Encore une fois, la justification est formulée en des termes clairs dans la perspective de la performance du produit : le client veut un appareil capable d'exécuter des analyses de la vitamine B2. Et, encore une fois, une décision a été prise avant le lancement de l'appel d'offres ouvert, à savoir que la conclusion à laquelle étaient arrivés les préposés au service devait être valable et que c'était le dégazage insuffisant des solvants qui était à la source du problème. Par conséquent, les intéressés ont convenu de faire de la capacité de mélange à haute pression une condition essentielle car, grâce à cette capacité, le problème était réglé. Peut-être est-il juste de faire une telle affirmation, mais en procédant ainsi, on écarte tout autre produit qui, moyennant une approche différente, aurait permis de résoudre le problème -- même s'il était en mesure de satisfaire le besoin réel, à savoir effectuer des analyses de la vitamine B2. Évidemment, la difficulté à laquelle serait alors confrontée l'entité acheteuse c'est qu'elle devrait mettre à l'épreuve les autres appareils proposés afin d'établir s'ils sont en mesure d'effectuer les analyses en question. Plutôt, les responsables semblent être parvenus à la conclusion (encore une fois, avant le lancement de l'appel d'offres ouvert) que l'un des produits parmi ceux vendus sur le marché pouvait, de fait, effectuer les analyses requises et c'est ce produit qu'ils ont mentionné dans les spécifications -- en se fondant sur le critère du mélange à haute pression -- à titre de condition essentielle. Malgré tout, il aurait été de fait possible d'exprimer le besoin réel en des termes intelligibles.

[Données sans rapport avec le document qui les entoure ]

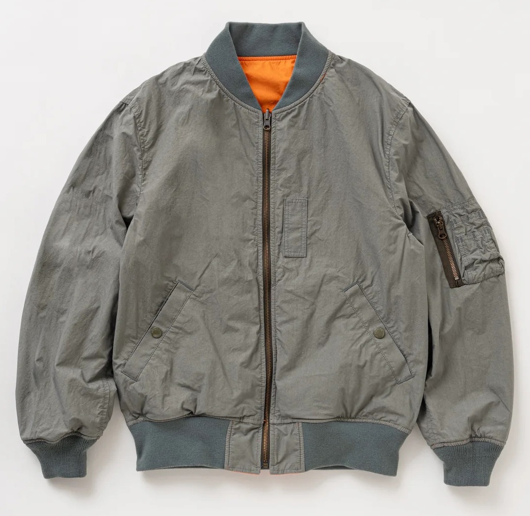 オリジナルで染色したコットンタイプライター素材を使用したRATSのMA-1ジャケットです。

3. Il est précisé, dans les spécifications, que le produit recherché [TRADUCTION] «doit être muni d'une soupape de retenue d'entrée à commande mécanique et non d'une soupape à bille». La justification proposée est fort simple [TRADUCTION] «Il est absolument essentiel d'éliminer les problèmes attribuables aux phénomènes de cavitation éprouvés par le passé (se reporter ci-dessus). Il a été établi que les soupapes de retenue d'entrée à commande mécanique exigent moins d'entretien que les soupapes à bille, réduisant ainsi les temps d'arrêt et les frais d'entretien.» Encore une fois, le besoin réel concerne la résolution des problèmes imputables aux phénomènes de cavitation et la réduction des frais d'entretien (il s'agit manifestement, encore une fois, d'accroître la fiabilité). Cependant, dans les spécifications, ce besoin est exprimé en se reportant à une caractéristique bien précise d'un produit. Or, sont encore une fois écartés du processus tous les produits ne justifiant pas de cette caractéristique peu importe les attestations que pourraient présenter son fabricant concernant la cavitation ou la fiabilité.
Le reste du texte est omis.